写父节点—_bt_insert_parent

B+树分裂的最后一个步骤是将新节点的min key和节点编号组成index tuple，然后插入到父亲节点中。这个操作本身非常简单。难的是如何确定当前节点的父亲节点是谁？如果分裂的节点是根节点，根节点自然没有父节点，所以需要分配一个新的节点作为父节点。如果分裂的节点不是根节点呢？其实在我们定位插入位置时，本身就是一个从上至下的查找过程，那么只要我们在查询时记录好B+树的遍历路径，通过这个路径就能直接找到当前节点的父节点。
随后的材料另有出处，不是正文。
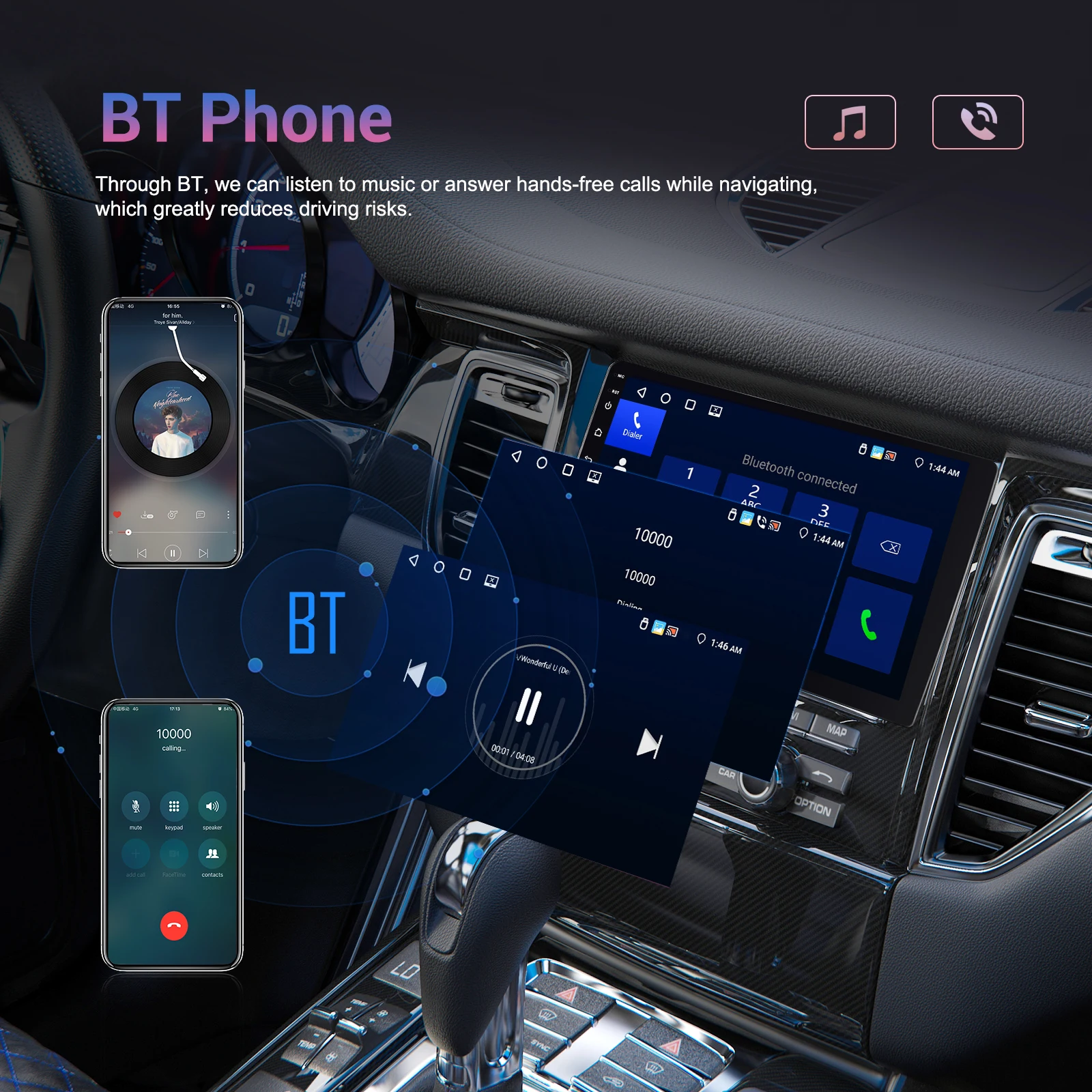 ● Wireless Carplay and wireless Auto: Use your iPhone or Android phone wirelessly with the device, and control your phone's apps. You can make calls, send messages, play music, navigation, and more with just your voice or touch.

而记录遍历路径的结构体就是BTStack，定义如下：

typedef struct BTStackData
{
	BlockNumber bts_blkno;
	OffsetNumber bts_offset;
	IndexTupleData bts_btentry;
	struct BTStackData *bts_parent;
} BTStackData;

typedef BTStackData *BTStack;

bts_blkno

当前节点的编号
bts_offset

当前index tuple的偏移
bts_btentry

当前index tuple
bts_parent

父节点指针

现在，我们要向图7所示的B+树中插入元素2，那么定位到插入位置之后BTStack的值应该如图9所示：

在这里插入图片描述

图9

所以，如果block1发生分裂，通过BTStack我们就可以很容易的知道，新节点对应的index tuple即<min key, new blockno>应该插入3号节点，offset为1的位置上。

然而事情真的如此美好么？BTStack真的靠谱么？答案是不靠谱！有两种情况会使BTStack不靠谱。

情况1

BTStack是在_bt_search时构建的。回顾下《B+树索引—插入》中我们讲过的插入的基本流程，通过_bt_search我们找到了index tuple插入的叶子节点。然后，我们通过下面两行代码，将叶子节点上的共享锁变为互斥锁。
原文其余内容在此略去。